The question for the present, though, is, as Blair put it last week, do we simply dismiss the whole of America as a land of "liars, war- mongers and idiots" or do we "start to get a sensible debate about why people in America feel as they do"? The first course is negative, fatalist and easy. The second is hopeful, constructive and difficult.

Blair is surely right that little can be achieved in the world except in alliance with the US, and that requires an engagement not only with the Bush administration but also with US public opinion. The Prime Minister ran through a list of issues last week, starting with climate change. He accepted that it may not be possible to find common ground on this, but unless US voters can be persuaded, then the world's largest carbon dioxide-producing nation cannot be restrained. Much the same is true of Israel-Palestine. And it is at least true that Bush - unlike Clinton - is committed to the two-state solution.

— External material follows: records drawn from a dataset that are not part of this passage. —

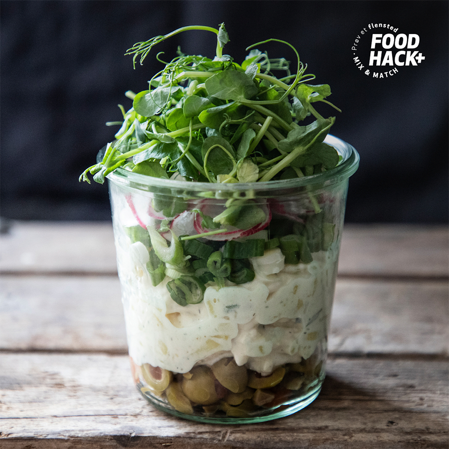 Cremet kartoffelsalat med løg, dild og purløg.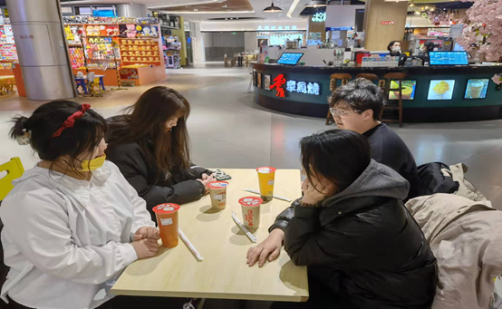 1月19日,董函硕小组成员约定时间,四人在商场的休闲区开展“以读书微光,探照生命之路”读书活动,由小组长董函硕主持,小组全体成员共同参加。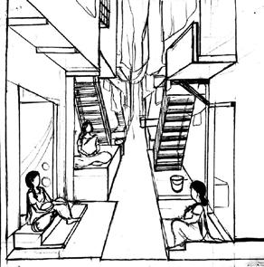 The character surveyed was a 48yr old self employed women in Shivaji nagar,does stitching at home and is not much socially active. The design process was driven by the interactions and understanding of spaces used by the character and social context . It started with idea of open plan, good ventilated and naturally illuminated spaces. Together a space where they craft a secure and vibrant learning-living habitat, that is focused on enhancing interactive spaces and use of shared spaces. The design emerges from a fusion of exposed brick building with jaali walls and steel & shear wall structure . It has 2 significant tall shear wall at both entrances. The north facade has large openings and east face comprises of jaali walls for filtered light. The main idea was to have a homely feeling yet openness in contrast to their current living condition context , to achieve that structure ,steel columns and using shear walls and brick walls for dividing spaces according to program the layout has 2 main courtyards with other open spaces and double height space. For good environment landscaping is done around the building with some existing vegetation.
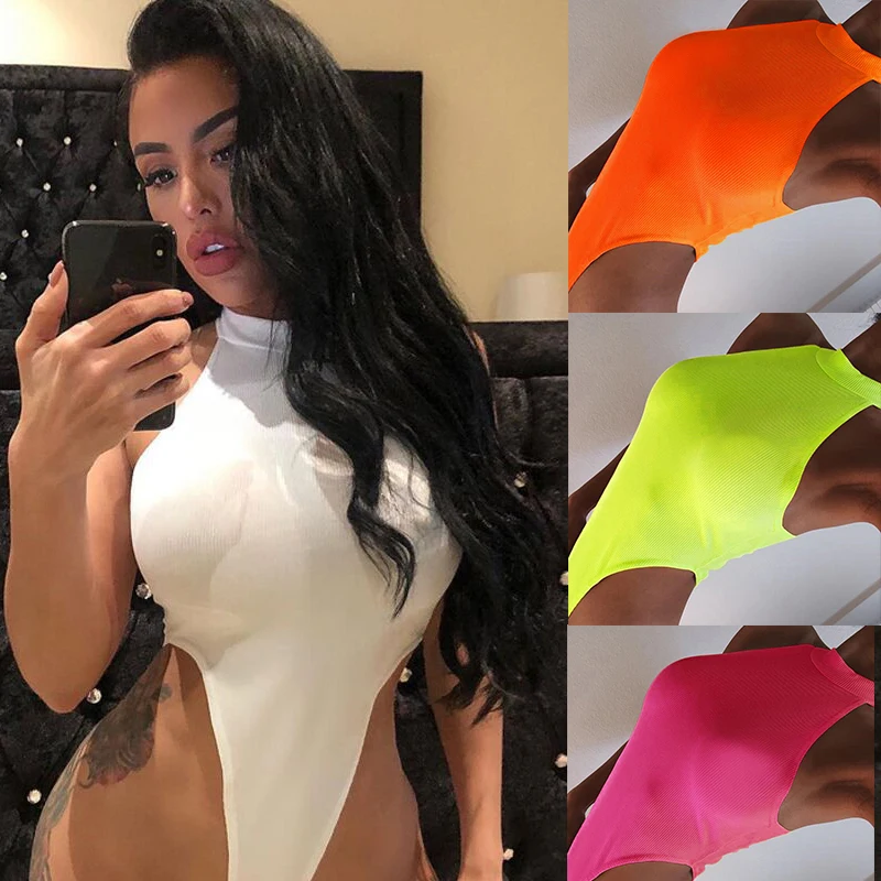 Сексуальные неоновые боди в стиле High Street, летние разноцветные Боди без рукавов, с открытой спиной, для фитнеса, для клуба, для вечеринки, комбинезон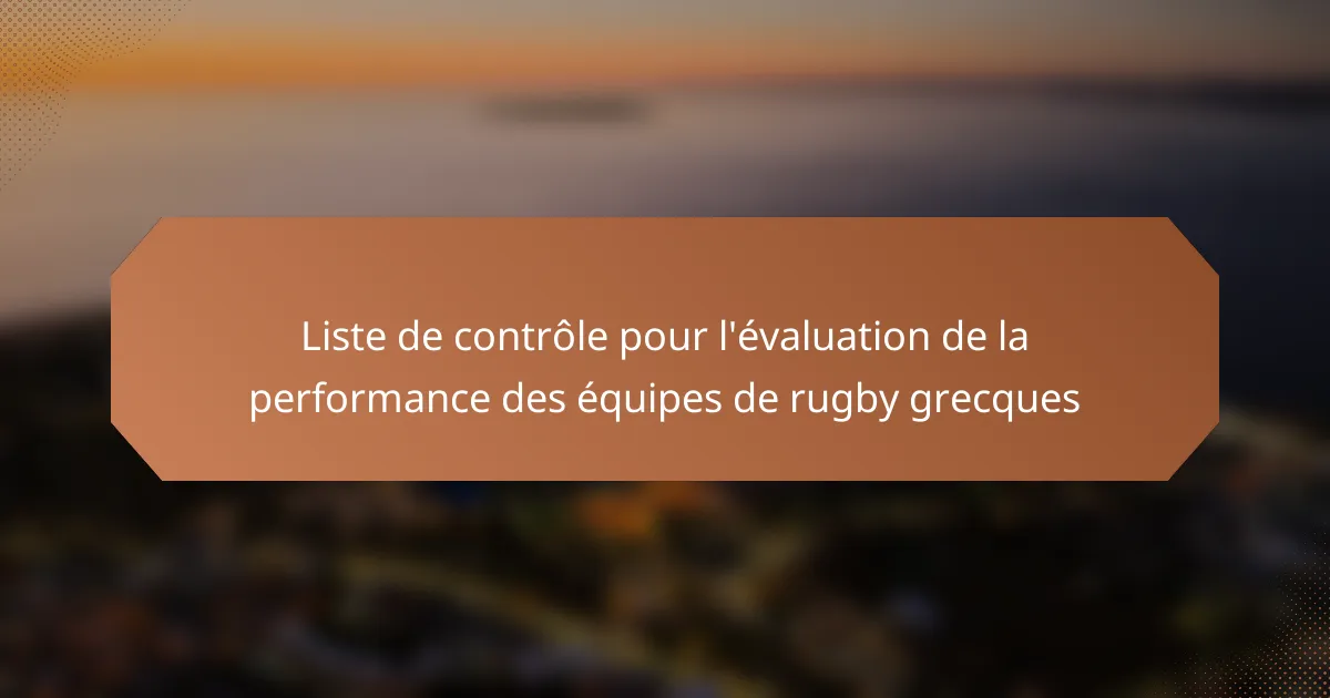 La liste de contrôle pour l’évaluation de la performance des équipes de rugby grecques est essentielle pour identifier les forces et les faiblesses au sein de l’équipe. En se concentrant sur des indicateurs clés de performance tels que la condition physique des joueurs, la dynamique d’équipe et la qualité de l’entraînement, les équipes peuvent améliorer stratégiquement leur performance globale. Cette approche complète garantit que les joueurs sont non seulement compétents, mais aussi physiquement et mentalement préparés à la compétition.
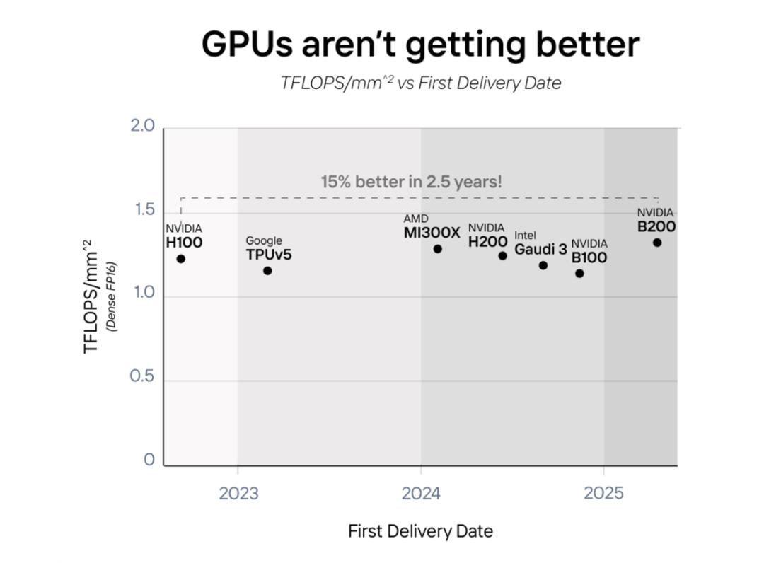 最近由于摩尔定律放缓,GPU 在很大程度上,性能的提高取决于芯片面积和功耗的增加。无论是英伟达 B200、AMD MI300X 还是 Intel Gaudi 三、都不约而同地使用。「二合一」提高性能的方法,功耗也翻了一番。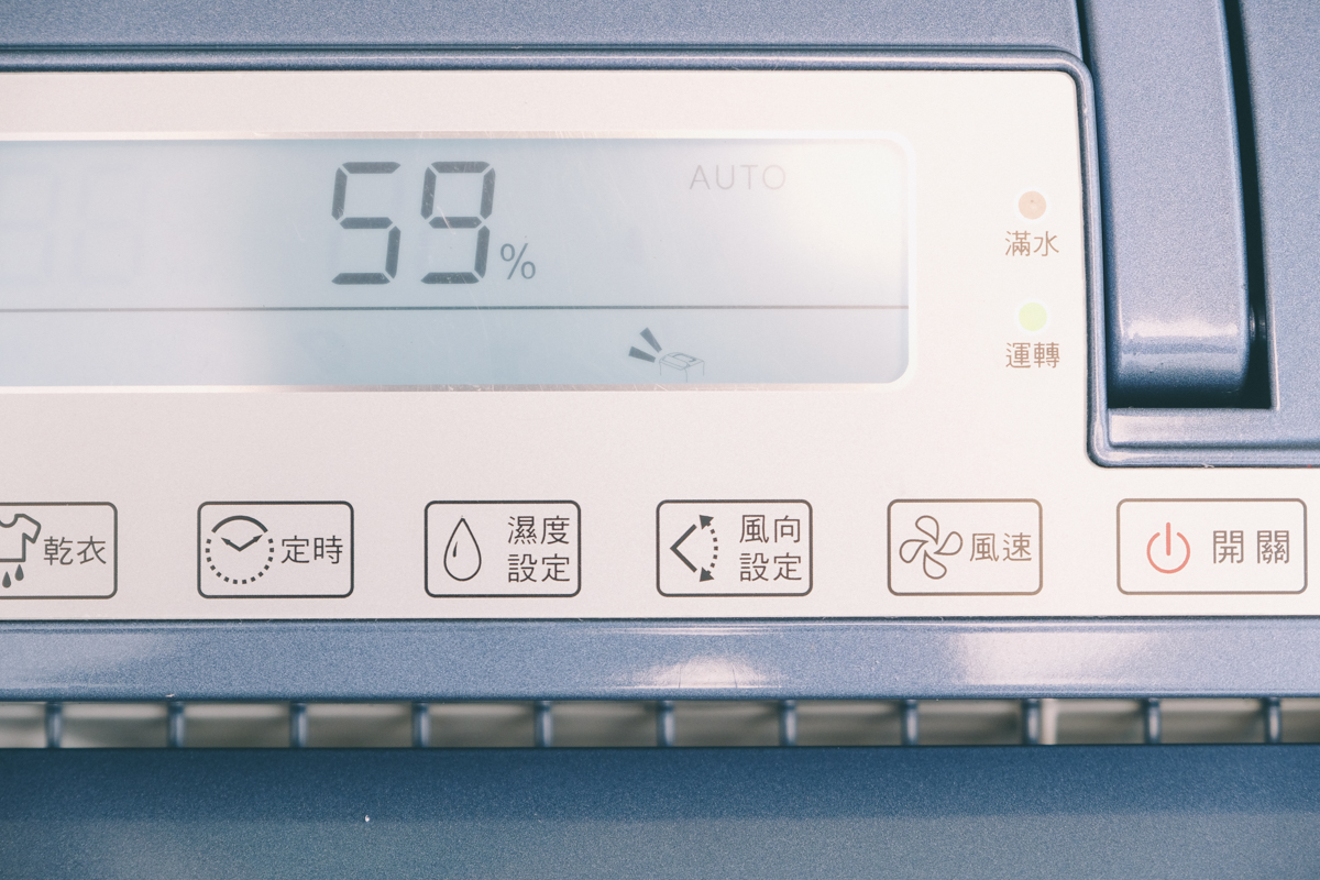 濕度可以設定的範圍為 40%~70%,風速設定的部份一共有三段,大家最在意的就是除濕機的噪音值,阿湯曾經買過某 W 牌的除濕機,以為除濕機聲音應該就大同小異吧,沒想到買回來開下去即便是最低速運轉還是像一台戰車在耳邊轟轟轟的,真的受不了,馬上就退貨了。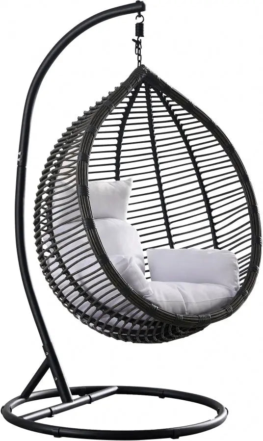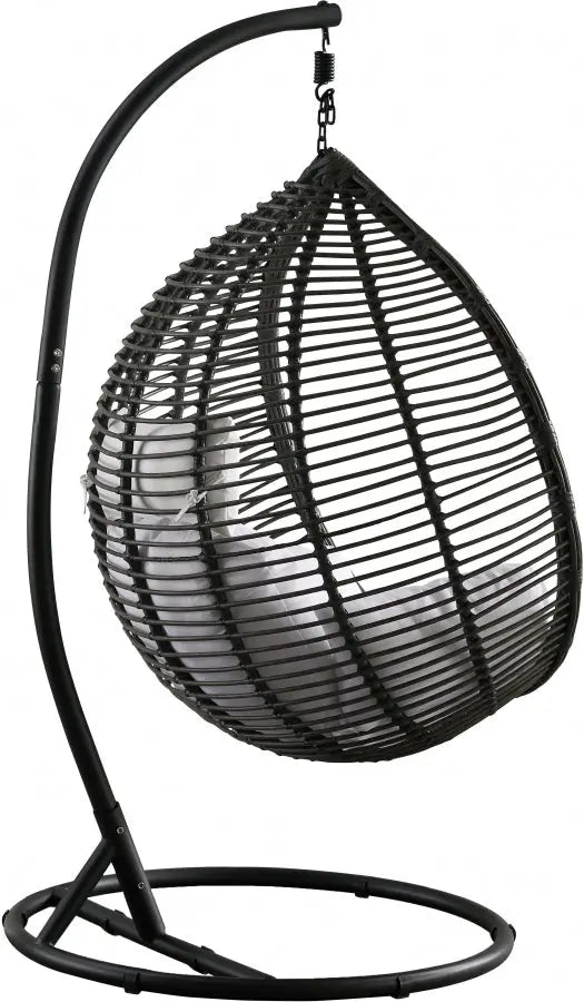 Disfruta del día en la comodidad de este columpio Tarzan para patio. Este columpio con forma de huevo presenta un diseño de ratán gris oscuro que le da un toque lujoso a tu patio o porche, o úsalo en interiores para añadir un toque divertido a cualquier habitación. Su base de metal negro mate proporciona un soporte resistente, garantizando horas y horas de diversión y relajación. Úsalo tanto en interiores como en exteriores gracias a su resistente cojín de tela impermeable.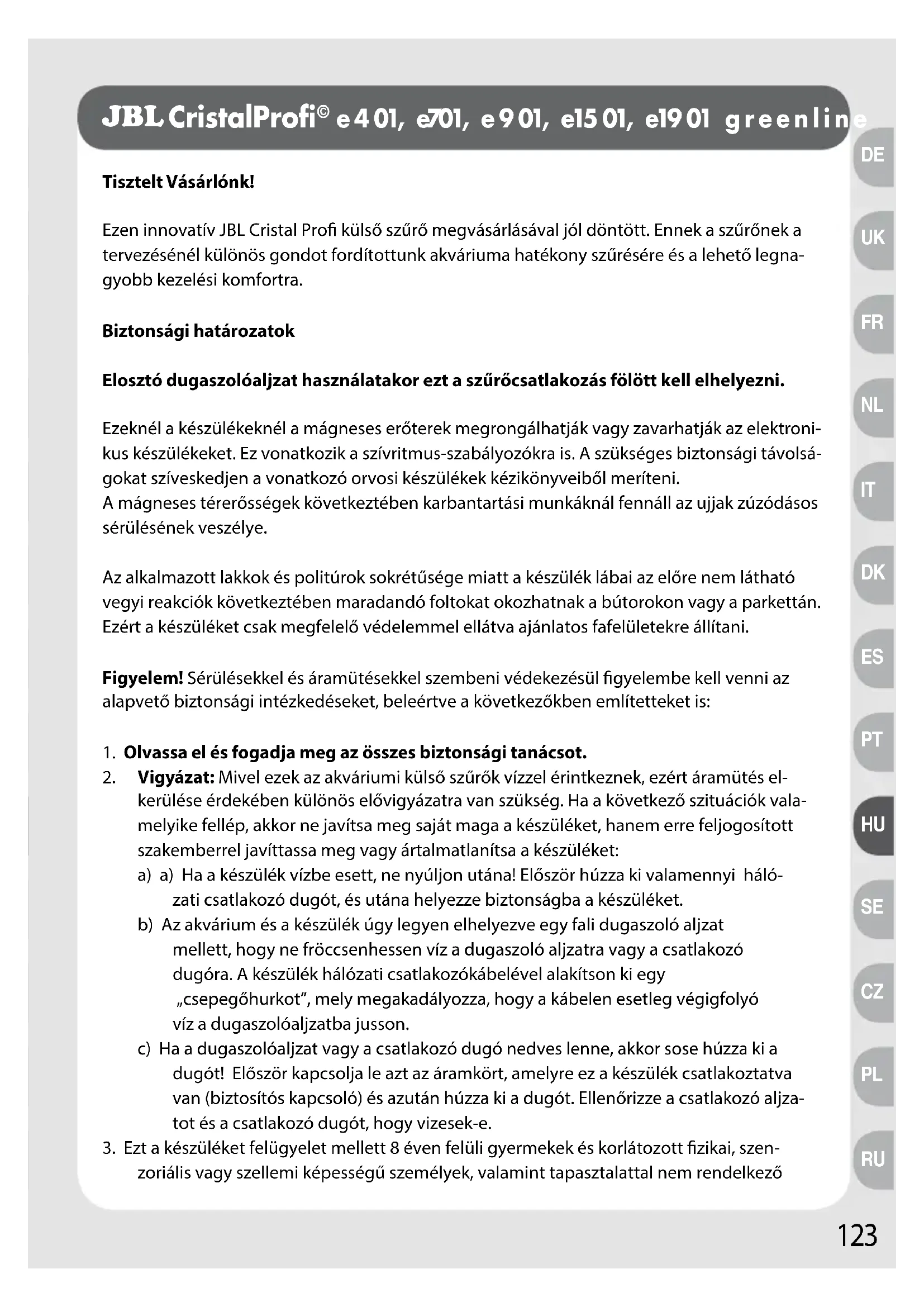 Série n.º _ _ - _ _- _ _ _ _ _ Data de compra: _ _ / _ _ / _ _ (favor incluir em todos os casos o comprovante de compra que lhe será devolvido juntamente com o aparelho) Motivo da reclamação: Data:................................................ Assinatura:................................................ Espaço reservado para o comprovante de compra:123 Tisztelt Vásárlónk!Ezen innovatív JBL Cristal Pro külső szűrő megvásárlásával jól döntött. Ennek a szűrőnek a tervezésénél különös gondot fordítottunk akváriuma hatékony szűrésére és a lehető legna-gyobb kezelési komfortra. Biztonsági határozatokElosztó dugaszolóaljzat használatakor ezt a szűrőcsatlakozás fölött kell elhelyezni.Ezeknél a készülékeknél a mágneses erőterek megrongálhatják vagy zavarhatják az elektroni-kus készülékeket. Ez vonatkozik a szívritmus-szabályozókra is. A szükséges biztonsági távolsá-gokat szíveskedjen a vonatkozó orvosi készülékek kézikönyveiből meríteni.A mágneses térerősségek következtében karbantartási munkáknál fennáll az ujjak zúzódásos sérülésének veszélye.Az alkalmazott lakkok és politúrok sokrétűsége miatt a készülék lábai az előre nem látható vegyi reakciók következtében maradandó foltokat okozhatnak a bútorokon vagy a parkettán. Ezért a készüléket csak megfelelő védelemmel ellátva ajánlatos fafelületekre állítani.Figyelem! Sérülésekkel és áramütésekkel szembeni védekezésül gyelembe kell venni az alapvető biztonsági intézkedéseket, beleértve a következőkben említetteket is:1. Olvassa el és fogadja meg az összes biztonsági tanácsot.

When Tony Blair, then a 39-year-old opposition spokesman, travelled to Washington to learn the lessons of Clinton's 1992 campaign, he was told one thing that has stayed with him ever since. What the Democratic Party needed when Clinton ran for the presidency was "reality therapy". That is what the Democrats still need, and it is what the rest of us need too, if we want to engage with American power over the next four years.